## Task description
Your answer must be an exact copy of the records below, with every picture left out.
________________________
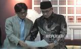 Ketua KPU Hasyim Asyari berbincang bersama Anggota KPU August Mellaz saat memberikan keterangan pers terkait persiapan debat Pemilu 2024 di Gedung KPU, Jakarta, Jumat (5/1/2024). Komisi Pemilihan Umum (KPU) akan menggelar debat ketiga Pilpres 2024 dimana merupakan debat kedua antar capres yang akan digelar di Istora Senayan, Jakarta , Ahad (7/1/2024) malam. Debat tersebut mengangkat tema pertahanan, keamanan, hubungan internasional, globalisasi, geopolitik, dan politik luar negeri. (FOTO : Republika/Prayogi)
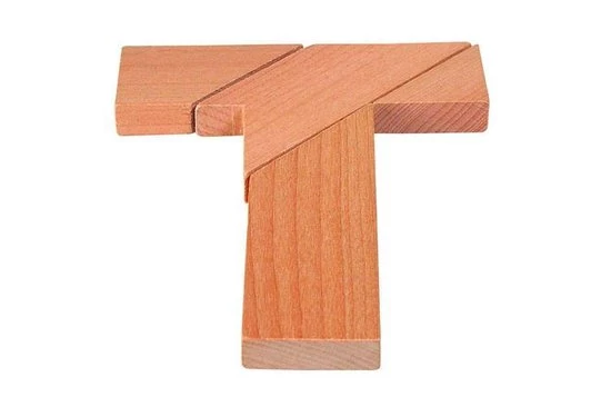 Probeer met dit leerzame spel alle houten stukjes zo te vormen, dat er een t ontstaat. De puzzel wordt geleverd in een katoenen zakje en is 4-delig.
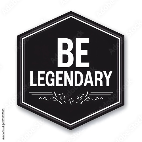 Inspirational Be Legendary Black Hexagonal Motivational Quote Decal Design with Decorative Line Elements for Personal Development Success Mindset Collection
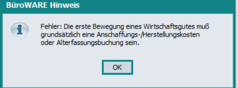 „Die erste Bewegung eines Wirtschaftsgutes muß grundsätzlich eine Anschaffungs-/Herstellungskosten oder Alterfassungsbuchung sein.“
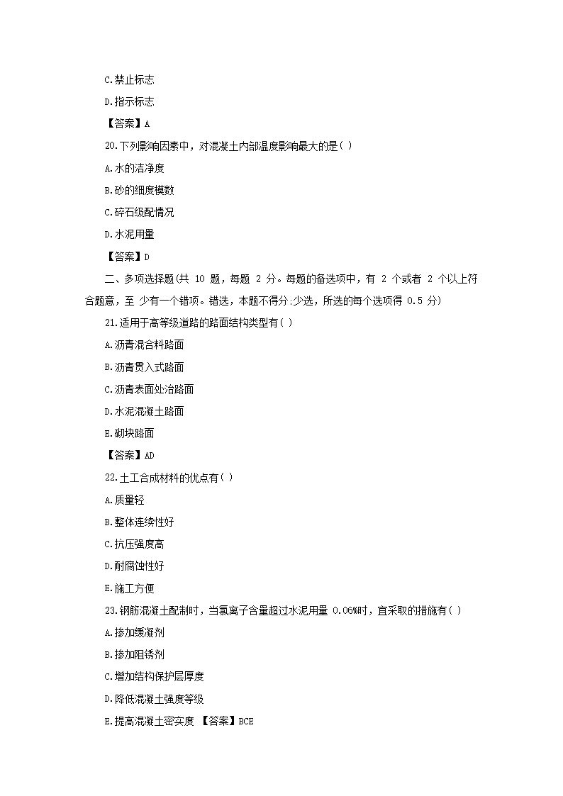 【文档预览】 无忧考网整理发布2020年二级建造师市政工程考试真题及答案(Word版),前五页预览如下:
________________________
## Response
 Ketua KPU Hasyim Asyari berbincang bersama Anggota KPU August Mellaz saat memberikan keterangan pers terkait persiapan debat Pemilu 2024 di Gedung KPU, Jakarta, Jumat (5/1/2024). Komisi Pemilihan Umum (KPU) akan menggelar debat ketiga Pilpres 2024 dimana merupakan debat kedua antar capres yang akan digelar di Istora Senayan, Jakarta , Ahad (7/1/2024) malam. Debat tersebut mengangkat tema pertahanan, keamanan, hubungan internasional, globalisasi, geopolitik, dan politik luar negeri. (FOTO : Republika/Prayogi)
 Probeer met dit leerzame spel alle houten stukjes zo te vormen, dat er een t ontstaat. De puzzel wordt geleverd in een katoenen zakje en is 4-delig.
 Inspirational Be Legendary Black Hexagonal Motivational Quote Decal Design with Decorative Line Elements for Personal Development Success Mindset Collection
 „Die erste Bewegung eines Wirtschaftsgutes muß grundsätzlich eine Anschaffungs-/Herstellungskosten oder Alterfassungsbuchung sein.“
 【文档预览】 无忧考网整理发布2020年二级建造师市政工程考试真题及答案(Word版),前五页预览如下:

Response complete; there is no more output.